La donna parola fantasma

Una fotografia, un dagherrotipo o un calco da cui svanire, un pensiero che si fa grafia e diventa il nulla imperdonabile sottraendosi alla realtà: questo era il testo del personaggio impalpabile e disseminato di Cristina Campo, autrice di peccato e raziocinio estremo, di fede nella beltà irraggiungibile che lascia un tracciato di letteratura, dove non esiste il tempo. 

«Ora rivoglio bianche tutte le mie lettere, inaudito il mio nome»

Non ha scritto quasi niente. Solo una massa di risposte e indirizzi, annotazioni e racconti per definire l’indefinibile. La donna che amava i più bei volti irraggiungibili del mondo, Von Hoffmanstahl, Emily Dickinson a 17 anni e altri sconosciuti, Mita, lei compagna di Elemir Zolla, girovaga della città di notte. Voleva sparire fin dal nome, Cristina Campo, che teneva insieme Gesù e i lager, scelto al posto di Vittoria Guerrini, con una vita votata al sacrificio e al deserto. I suoi libri sono i suoi epistolari, indegni di un corpus perché non comprensibili in un oggetto o in un discorso, composti di frammenti di parole e desideri a grappolo, sparsi per le coste inquiete della lettura. È vero, leggerla lascia un senso di inquieta bellezza. 
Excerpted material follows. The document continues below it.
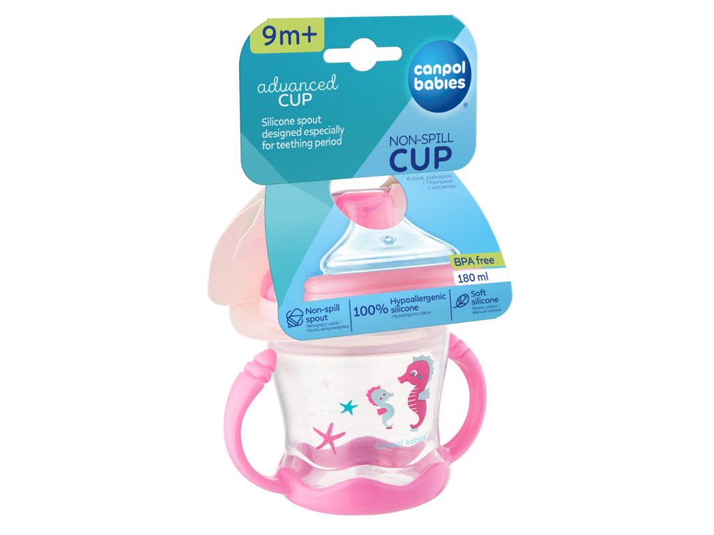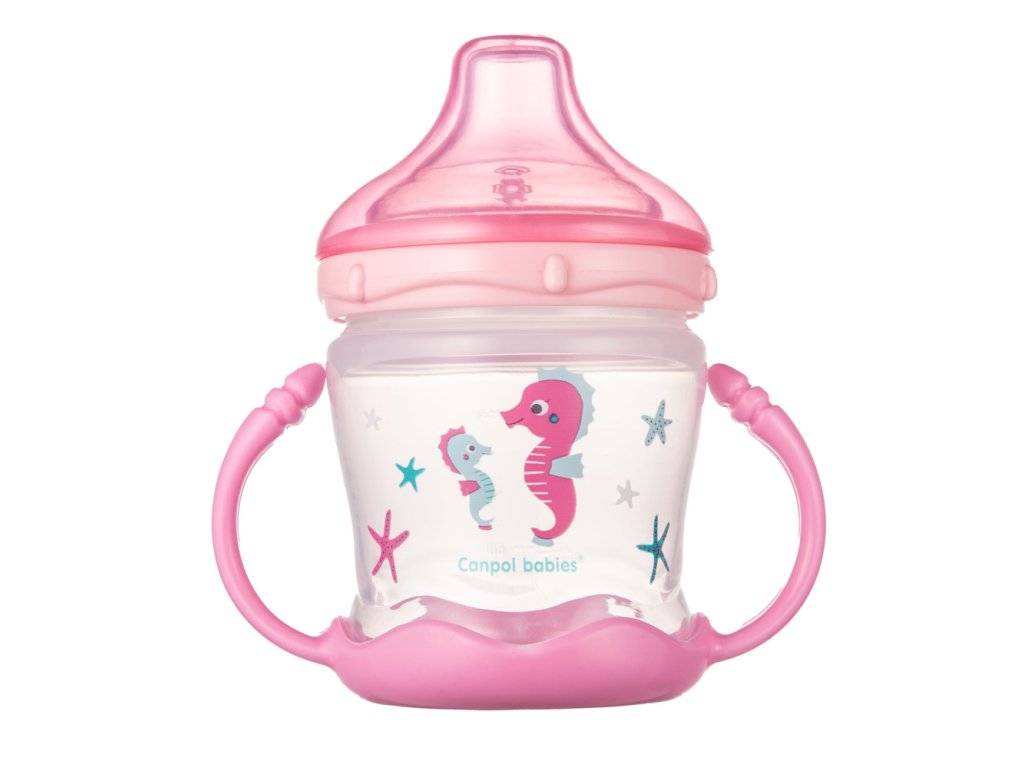 Canpol babies Nevylievací pohár so silikónovým náustkom 180 ml LOVE&SEA ružový

 «Ma io non ho davvero che la poesia come preghiera, ma posso offrirla?»

L’alchimia e il mistero si sposano ad una concezione concreta della vita quotidiana, di amori tempestosi, sfrenati e condannati. Lei è una donna di casa che quando ha tempo scrive, che vuole filare la lana o le parole. I fatti del mondo le appaiono malvagi di un male intollerabile, a cui tutto di noi deve opporsi per tendere ad un reale altro, annidato nell’ombra, con un metodo di distacco e indifferenza celesti. C’è in questo atteggiamento un segreto feroce che non si lascia prendere dal nulla del mondo. La verità definitiva della parola poetica, intangibile e religiosa, risplende a distanza lasciandosi guardare in un territorio di amicizia, dove si muove la scrittura simile al tempo dell’infanzia, fragile, lontana. 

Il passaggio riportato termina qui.